Listen to a panel of three physicians who provide various perspectives on deep-vein thrombosis (DVT) prophylaxis from a clinical roundtable held on July 13, 2009 during the XXII Congress of the International Society of Thrombosis and Haemostasis (ISTH).

Moderator
David Best, MD, MBA
The Doctor’s Channel

Panel
Steven Deitelzweig, MD, MMM, FACP, FSVMB, RVT
Department Chairman of Hospital of Medicine and Vice President of Medical Affairs at Ochsner Medical Center

Fred Cushner, MD
Director of the Insall Scott Kelly Institute
Associate Clinical Professor, Albert Einstein College of Medicine

Alpesh Amin, MD, MBA, FACP, FHM
Executive Director, Hospitalist Program
Medical Director, Anticoagulation Clinic
Vice Chair for Clinical Affairs & Quality Department of Medicine
University of California, Irvine

Lovenox® Indications and Usage
Prophylaxis of Deep Vein Thrombosis
Lovenox is indicated for the prophylaxis of deep vein thrombosis, which may lead to pulmonary embolism:

  • in patients undergoing abdominal surgery who are at risk for thromboembolic complications.
  • in patients undergoing hip replacement surgery, during and following hospitalization.
  • in patients undergoing knee replacement surgery.
  • in medical patients who are at risk for thromboembolic complications due to severely restricted mobility during acute illness.

Treatment of Acute Deep Vein Thrombosis
Lovenox is indicated for:

  • the inpatient treatment of acute deep vein thrombosis with or without pulmonary embolism, when administered in conjunction with warfarin sodium;
  • the outpatient treatment of acute deep vein thrombosis without pulmonary embolism when administered in conjunction with warfarin sodium.

Prophylaxis of Ischemic Complications of Unstable Angina and Non-Q-Wave Myocardial Infarction
Lovenox is indicated for the prophylaxis of ischemic complications of unstable angina and non-Q-wave myocardial infarction, when concurrently administered with aspirin.

Treatment of acute ST- segment Elevation Myocardial Infarction (STEMI)
Lovenox has been shown to reduce the rate of the combined endpoint of recurrent myocardial infarction or death in patients with acute STEMI receiving thrombolysis and being managed medically or with Percutaneous Coronary Intervention (PCI).

Important Safety Information

WARNING: SPINAL/EPIDURAL HEMATOMAS

When neuraxial anesthesia (epidural/spinal anesthesia) or spinal puncture is employed, patients anticoagulated or scheduled to be anticoagulated with low-molecular-weight heparins or heparinoids for prevention of thromboembolic complications are at risk of developing an epidural or spinal hematoma which can result in long-term or permanent paralysis.

The risk of these events is increased by the use of indwelling epidural catheters for administration of analgesia or by the concomitant use of drugs affecting hemostasis such as non steroidal anti-inflammatory drugs (NSAIDs), platelet inhibitors, or other anticoagulants.
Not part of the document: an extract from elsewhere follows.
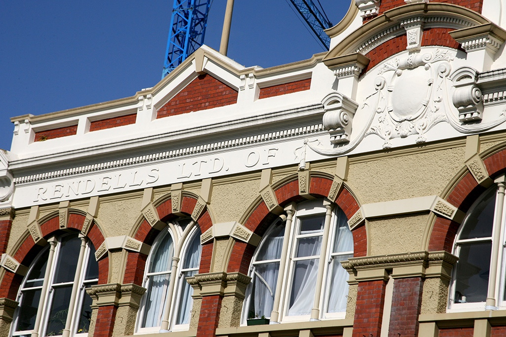 A detail from the facade of the former Rendells department store, designed by William Alfred Holman, at 184 Karangahape Road, Auckland, New Zealand

The risk also appears to be increased by traumatic or repeated epidural or spinal puncture.

Monitor patients for signs and symptoms of neurological impairment. If neurologic compromise is noted, urgent treatment is necessary.
Consider the potential benefit versus risk before neuraxial intervention in patients anticoagulated or to be anticoagulated for thromboprophylaxis. (See WARNINGS and PRECAUTIONS[5.1] and Drug Interactions[7]).
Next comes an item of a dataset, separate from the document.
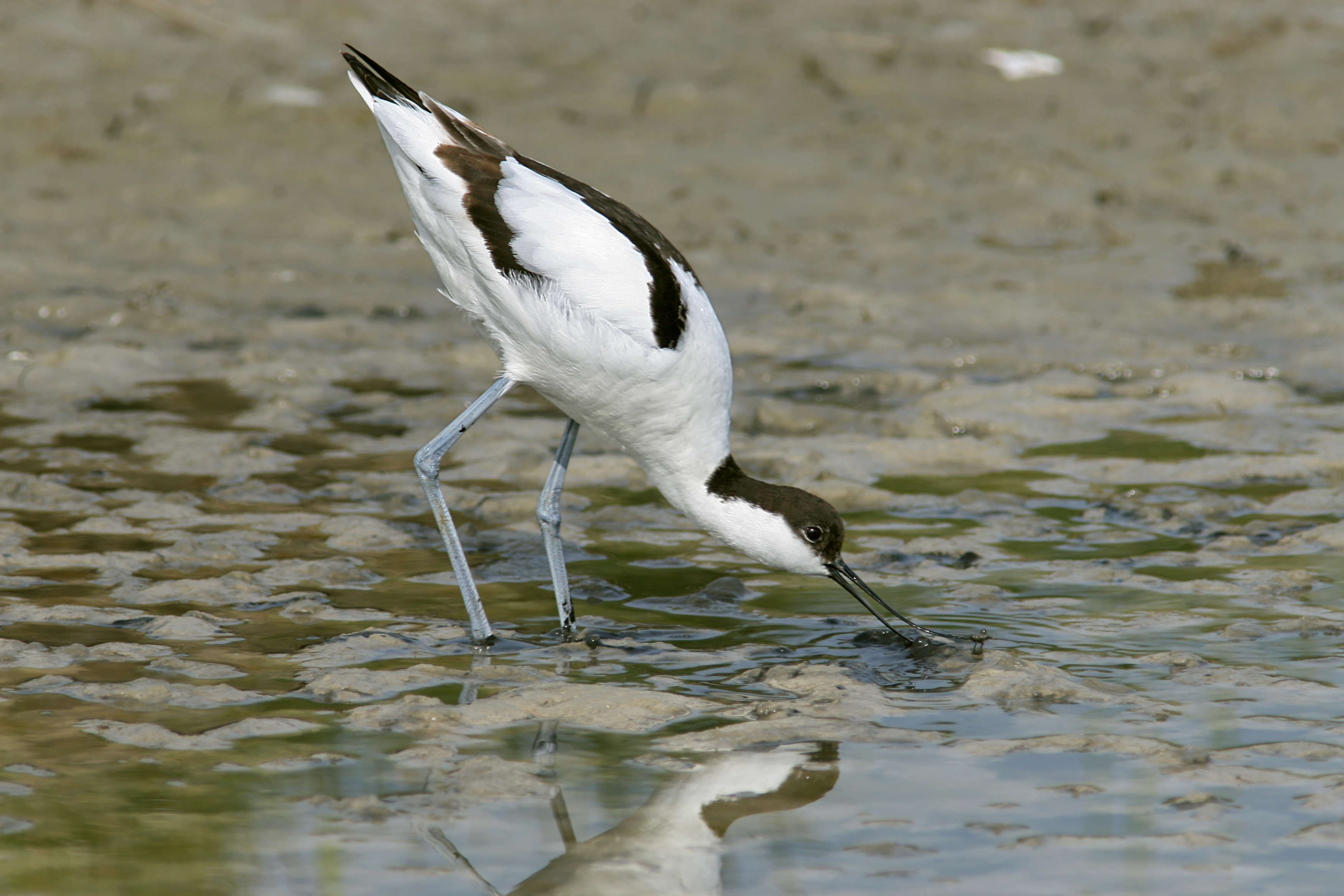 Pied Avocet (Recurvirostra avosetta) in search of food, Texel, Netherlands

LOVENOX® (enoxaparin sodium injection) cannot be used interchangeably with other low-molecular-weight heparins or unfractionated heparin, as they differ in their manufacturing process, molecular weight distribution, anti-Xa and anti-IIa activities, units, and dosage.
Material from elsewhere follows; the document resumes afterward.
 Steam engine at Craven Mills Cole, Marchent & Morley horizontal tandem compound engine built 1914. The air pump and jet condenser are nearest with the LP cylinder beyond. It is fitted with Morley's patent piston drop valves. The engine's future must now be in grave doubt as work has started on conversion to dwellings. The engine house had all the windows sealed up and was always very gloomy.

As with other anticoagulants, use with extreme caution in patients with conditions that increase the risk of hemorrhage. Dosage adjustment is recommended in patients with severe renal impairment. Unless otherwise indicated, agents that may affect hemostasis should be discontinued prior to LOVENOX® therapy. Bleeding can occur at any site during LOVENOX® therapy. An unexplained fall in hematocrit or blood pressure should lead to a search for a bleeding site. (See WARNINGS and PRECAUTIONS.)

In the STEMI pivotal trial, the rates of major hemorrhages (defined as requiring 5 or more units of blood for transfusion, or 15% drop in hematocrit or clinically overt bleeding, including intracranial hemorrhage) at 30 days were 2.1% in the LOVENOX® group and 1.4% in the unfractionated heparin group. The rates of intracranial hemorrhage at 30 days were 0.8% in the LOVENOX® group and 0.7% in the unfractionated heparin group. The 30-day rate of the composite endpoint of death, myocardial infarction or ICH (a measure of net clinical benefit) was significantly lower in the LOVENOX® group (10.1%) as compared to the unfractionated heparin group (12.2%).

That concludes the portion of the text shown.